Czy wiecie, że Napoleon Bonaparte miał swoją szczęśliwą potrawę? Podobno uważał on, że pełny żołądek nie sprzyja bystrości umysłu i nigdy nie jadł przed bitwą. Jednak kiedy tylko bitwa się kończyła, od razu domagał się czegoś dobrego do zjedzenia. Jak to podczas bitwy bywa, wszędzie panował zamęt i chaos, więc kucharz Napoleona przeważnie nie mógł się skupić i w pośpiechu szukał składników potrzebnych do danego dania, a czasem ich brakowało. Dlatego w takim właśnie czasie powstawały liczne improwizacje kulinarne. Najsłynniejszą z nich jest KURCZAK A LA MARENGO, który został przygotowany po zwycięskiej bitwie z Austriakami 14 czerwca 1800 r. w okolicy miejscowości o nazwie Spinetta Marengo, niedaleko Turynu.

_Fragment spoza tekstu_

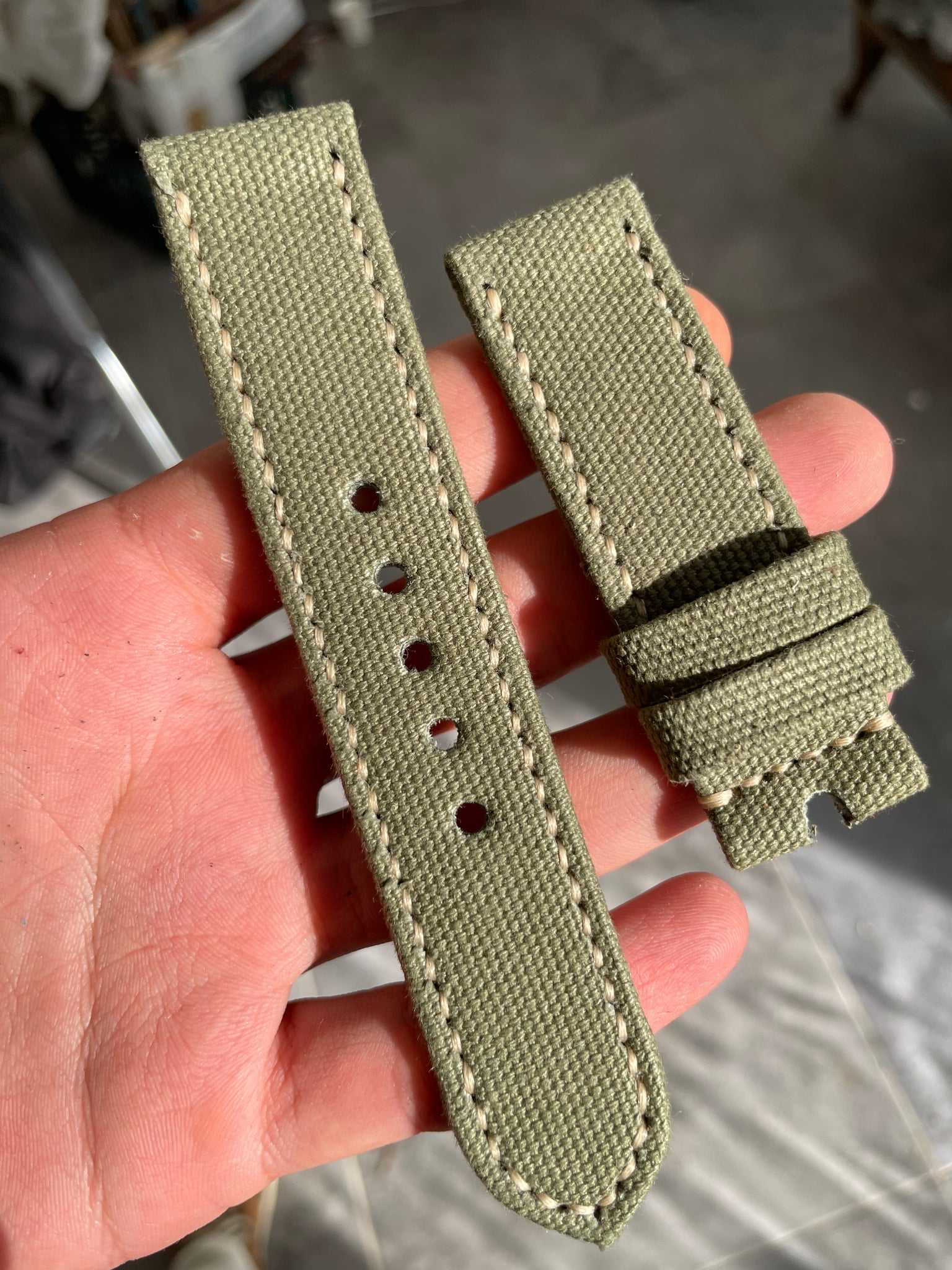 Ready for shipping,we can add buckle if requested.Rollled edge,resistant to water,doesn’t include leather as inner layer.Made using 100% cotton Canvas fabric.

Kucharzowi akurat wpadły w ręce takie składniki, jak: kurczak, pomidory, pieczarki, oliwki, jajka, wino i ponoć jeden jedyny rak! Napoleon uznał to danie za doskonałe i za takie, które przynosi mu szczęście ? był on bardzo przesądny. Dlatego też nigdy nie pozwolił kucharzowi zmienić receptury dania.

Z czasem jednak zmieniało ono poszczególne składniki i każdy przyrządza je w taki sposób, jaki lubi. My ostatnio stoczyliśmy naszą bitwę na puste brzuszki i bitwa ta okazała się dla nas ogromnym sukcesem, więc w nagrodę przyrządziliśmy ?szczęśliwe danie Napoleona?:) A teraz dzielę się naszym zmodyfikowanym (bardzo delikatnie) przepisem z Wami, oby i Wam przyniósł on szczęście!

Kurczak spod Marengo:

– kurczak ? u nas piersi
– 3 pomidory
– 2 ząbki czosnku
– 1 cebula
– 400 g pieczarek
– 100 g zielonych oliwek
– 100 ml wina białego wytrawnego
– 1 koncentrat pomidorowy
– sól, pieprz
– estragon
– zielona pietruszka

Kurczaka przyprawiamy solą, pieprzem i estragonem i podsmażamy dwustronnie na patelni. Następnie kurczaka przekładamy do naczynia żaroodpornego, a na patelni podsmażamy pieczarki, pokrojoną cebulę i czosnek, a po chwili dorzucamy pokrojone pomidory i koncentrat. Wszystko przyprawiamy solą i pieprzem. Oliwki moczymy w winie przez ok. 30 minut i dodajemy je na patelnię razem z winem, do pozostałych warzyw. Po kilku minutach wszystko przekładamy do naczynia żaroodpornego lub blaszki, w której jest już kurczak i pieczemy przez ok. 20 minut w piekarniku rozgrzanym do 180 stopni. Na koniec możemy usmażyć jajko i wszystko posypać posiekaną pietruszką, jeśli chcemy poczuć się jak sam Napoleon Bonaparte;) Niestety raków nie udało nam się dostać:( Smacznego!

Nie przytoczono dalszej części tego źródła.